_EXERCISE_. Data follows below. Repeat exactly the lines between the line holding "Gebruik de zoekbalk" and the line holding "The sleeping area", inclusive, and nothing more; drop pictures.

_INPUT FOR THIS TASK_.
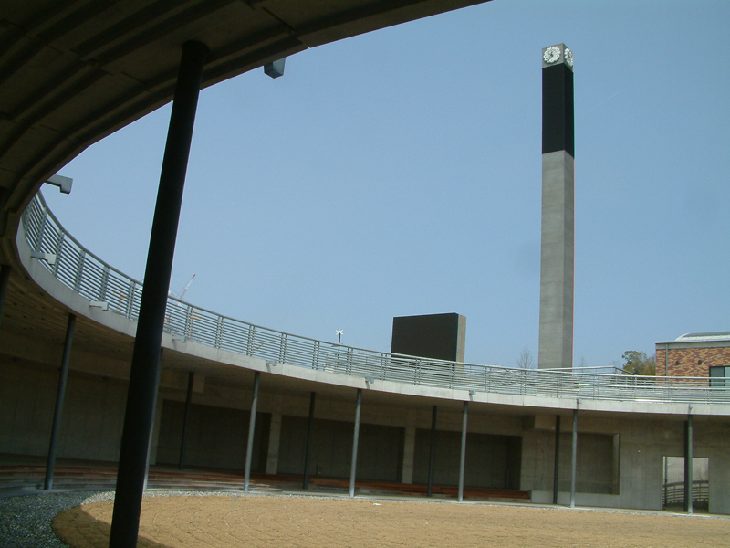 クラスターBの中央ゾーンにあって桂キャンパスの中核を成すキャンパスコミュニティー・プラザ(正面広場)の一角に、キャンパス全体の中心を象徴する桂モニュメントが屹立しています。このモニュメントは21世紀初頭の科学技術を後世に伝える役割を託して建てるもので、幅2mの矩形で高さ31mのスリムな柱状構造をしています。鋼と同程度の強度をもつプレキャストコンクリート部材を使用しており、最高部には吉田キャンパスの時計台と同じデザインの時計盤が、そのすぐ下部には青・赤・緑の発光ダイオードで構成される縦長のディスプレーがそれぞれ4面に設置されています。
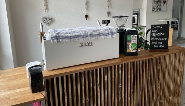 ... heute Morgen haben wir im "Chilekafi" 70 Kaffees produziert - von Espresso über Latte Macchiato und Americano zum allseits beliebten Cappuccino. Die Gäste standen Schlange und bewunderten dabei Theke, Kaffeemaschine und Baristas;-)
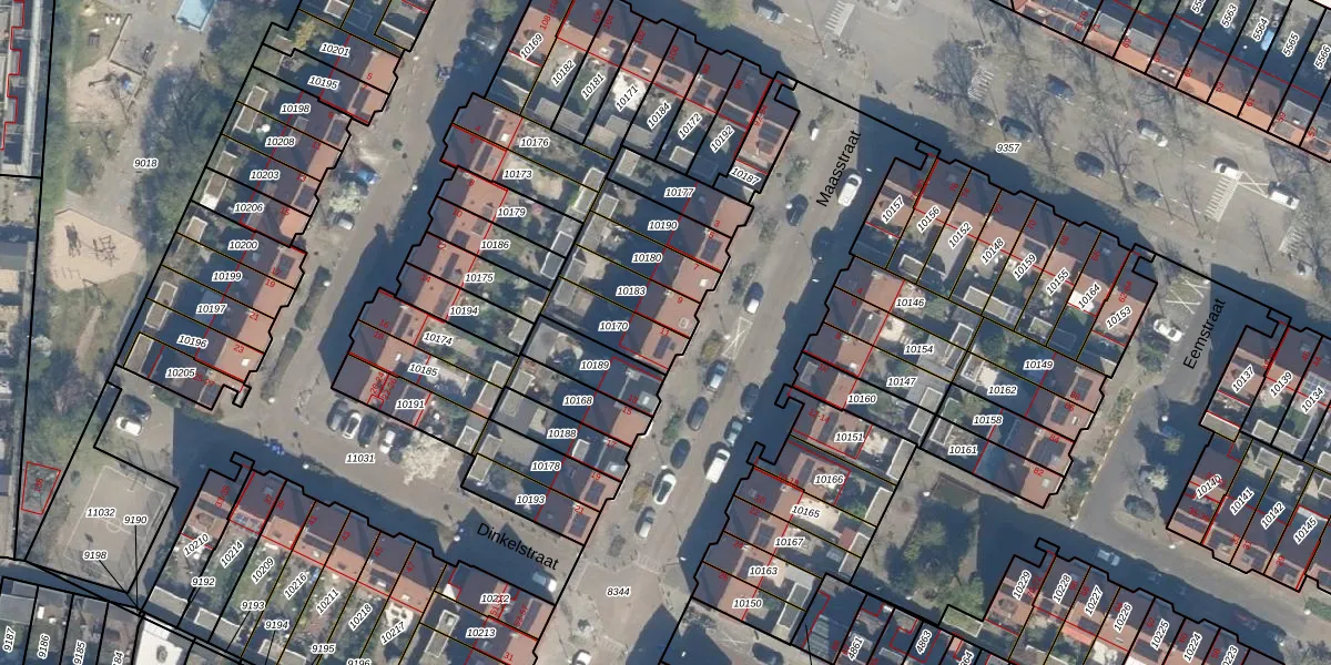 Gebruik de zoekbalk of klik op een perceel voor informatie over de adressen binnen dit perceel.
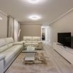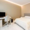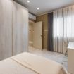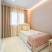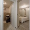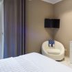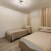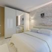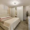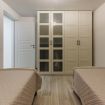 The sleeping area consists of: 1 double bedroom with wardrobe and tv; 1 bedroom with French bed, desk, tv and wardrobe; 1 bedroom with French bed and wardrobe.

...

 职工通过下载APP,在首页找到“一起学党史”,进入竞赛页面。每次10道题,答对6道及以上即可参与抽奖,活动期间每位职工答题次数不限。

_YOUR RESPONSE_.
 Gebruik de zoekbalk of klik op een perceel voor informatie over de adressen binnen dit perceel.
 The sleeping area consists of: 1 double bedroom with wardrobe and tv; 1 bedroom with French bed, desk, tv and wardrobe; 1 bedroom with French bed and wardrobe.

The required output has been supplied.